Well, now, in Pg 10, there will be a chance:
$ CREATE STATISTICS test_stats ON i_100, i_500 FROM test; $ analyze test;
And now the “bad" queries:
$ EXPLAIN analyze SELECT * FROM test WHERE i_100 = 91 AND i_500 = 491; QUERY PLAN ------------------------------------------------------------------------------------------------------- Seq Scan ON test (cost=0.00..2041.00 ROWS=199 width=12) (actual TIME=0.141..25.531 ROWS=200 loops=1) FILTER: ((i_100 = 91) AND (i_500 = 491)) ROWS Removed BY FILTER: 99800 Planning TIME: 0.545 ms Execution TIME: 25.617 ms (5 ROWS) $ EXPLAIN analyze SELECT * FROM test WHERE i_100 = 91 AND i_500 = 17; QUERY PLAN ------------------------------------------------------------------------------------------------------ Seq Scan ON test (cost=0.00..2041.00 ROWS=199 width=12) (actual TIME=11.803..11.803 ROWS=0 loops=1) FILTER: ((i_100 = 91) AND (i_500 = 17)) ROWS Removed BY FILTER: 100000 Planning TIME: 0.081 ms Execution TIME: 11.825 ms (5 ROWS)
First query shows clearly improved estimate.
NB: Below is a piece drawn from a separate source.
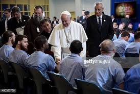 After the speech, Francis walked along the rows of inmates sitting in chairs, shaking hands, chatting, laying his hand on their foreheads and hugging a few. Here is a photograph to the right showing some of those interactions.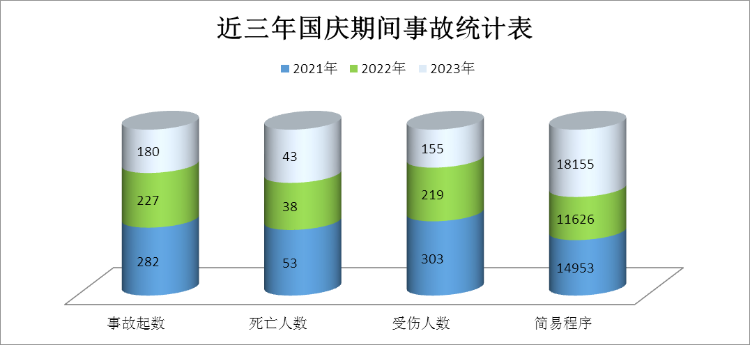 近三年國慶假期,全省平均發(fā)生一般程序處理的道路交通事故230起,平均發(fā)生簡(jiǎn)易程序處理的交通事故14911起。其中,2021年、2022年、2023分別發(fā)生交通事故282起、227起、180起。從簡(jiǎn)易程序處理的道路交通事故情況看,近3年分別發(fā)生交通事故14953起、11626起、18155起(如圖1所示)。

Second – not so much. Why? To be honest, no idea. If someone can enlighten me, it would be really great. In any way – these are just first steps into getting proper multi-column statistics, so I'm very happy about it, and enthusiastic about future – even if some bit of the functionality now doesn't seem to work as expected (by me). It's a long road, but I'm very grateful that we started it. Thanks a lot to all involved.
The multivariate feature in PG 10 only records a single integer indicating the correlation of the columns — it doesn’t record the probability of specific column combinations. That features is hopefully coming in PG 11.
Your second-to-last query hit a common combination (both ending in 1) while your last query has no matching rows (the last digit is different).